[Biopython] internal function to convert illumina quality scores to phred

Tue Feb 1 16:16:18 UTC 2011

On Tue, Feb 1, 2011 at 4:03 PM, Brad Chapman <chapmanb at 50mail.com> wrote:
>
> Alan and Peter;
> Alan, nice suggestions on conversion from phred. On the barcode
> sorting side there was just some discussion of this on the
> development list; I have a script that does barcode sorting
> and trimming with mismatches using Biopython:
>
> https://github.com/chapmanb/bcbb/blob/master/nextgen/scripts/barcode_sort_trim.py
>
> It does not use qualities, but this might be a framework you could
> build off to add that support.
>
> Peter, how hard do you think it would be to have SeqIO only convert
> from the fastq encoding to phred scores on demand? Most of the time
> when dealing with fastq I do not need any conversion at all and use
> the FastqGeneralIterator to just pull out the name, sequence and
> quality.
>
> You've done a lot of nice work with the correct conversions and it
> would be great to expose that directly though on-demand conversion
> as Alan is suggesting.

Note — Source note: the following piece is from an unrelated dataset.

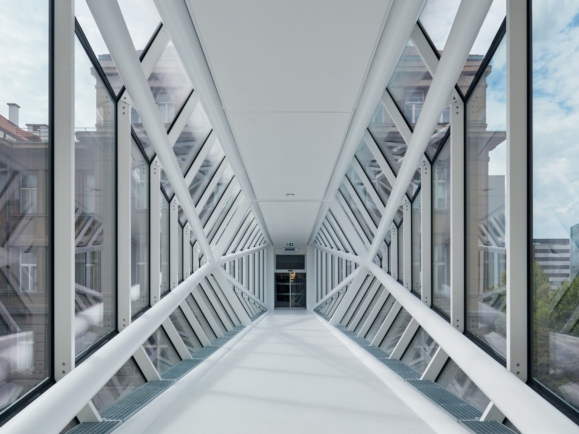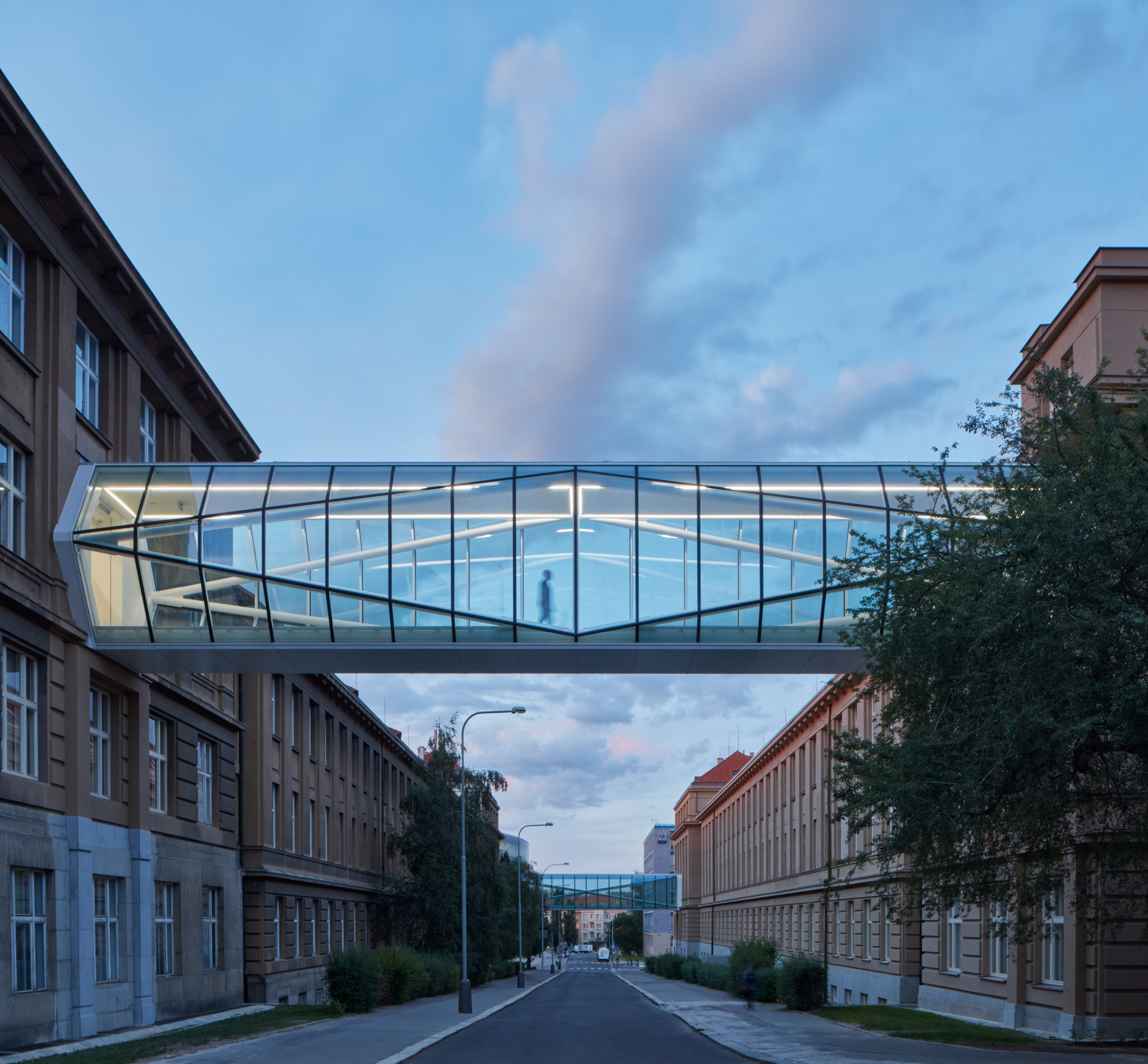 Klasicizující budovy VŠCHT v Dejvicích propojily krystalické lávky od studia ov-a
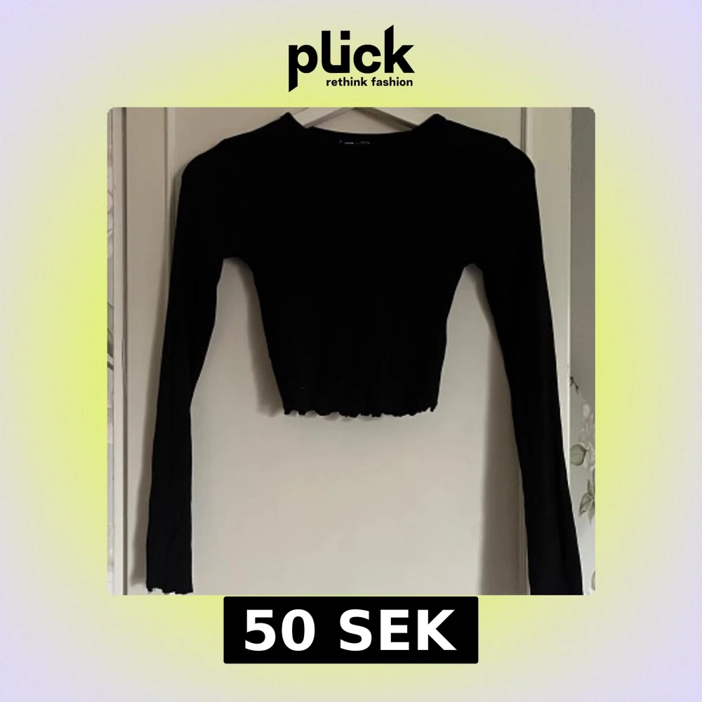 Säljer en svart croppad långärmad tröja med vågig kant nertill. Tröjan är ribbad och har en tight passform men är väldigt strechig.

Ideally you would use SeqIO as normal with
> fastq files, but the quality score would not be converted to solexa
> during parsing using letter_annotations["solexa_quality"] was
> accessed.

I actually implemented a proof of concept that does that. In order
to not alter the SeqRecord behaviour, it was a new object which
acted like a list of integers in many respects. The data is held
as a FASTQ encoded string, and decoded (and then cached) on
demand only. On output if it was already in the right encoding
the string could be used as is, otherwise the conversion could
be done very quickly with a precomputed table and the string
translate() method (without having to go via a list of integers).
It seemed to work, but I wasn't convinced about the benefits
(given the complexity). I'd really want some real world FASTQ
benchmarks to try it on... something you might have in the form
of your scripts and the real data they were written for?

I'm pretty sure this code is in a local git branch on one of my
machines (probably at home), but I don't think I pushed it to
github. I should do that...

> Another option would just be to expose a function so folks
> could do:
>
> convert_fastq_illumina_to_quality(illumina_encoded_string)
>
> to get the phred quality scores for a string they were interested
> in. This way you could use FastqGeneralIterator for no
> SeqRecord/Seq overhead, but still make use of your
> conversion work.

Yeah, three or four helper functions for the three decoding
would be sensible. It looks like there is demand for it then...

Peter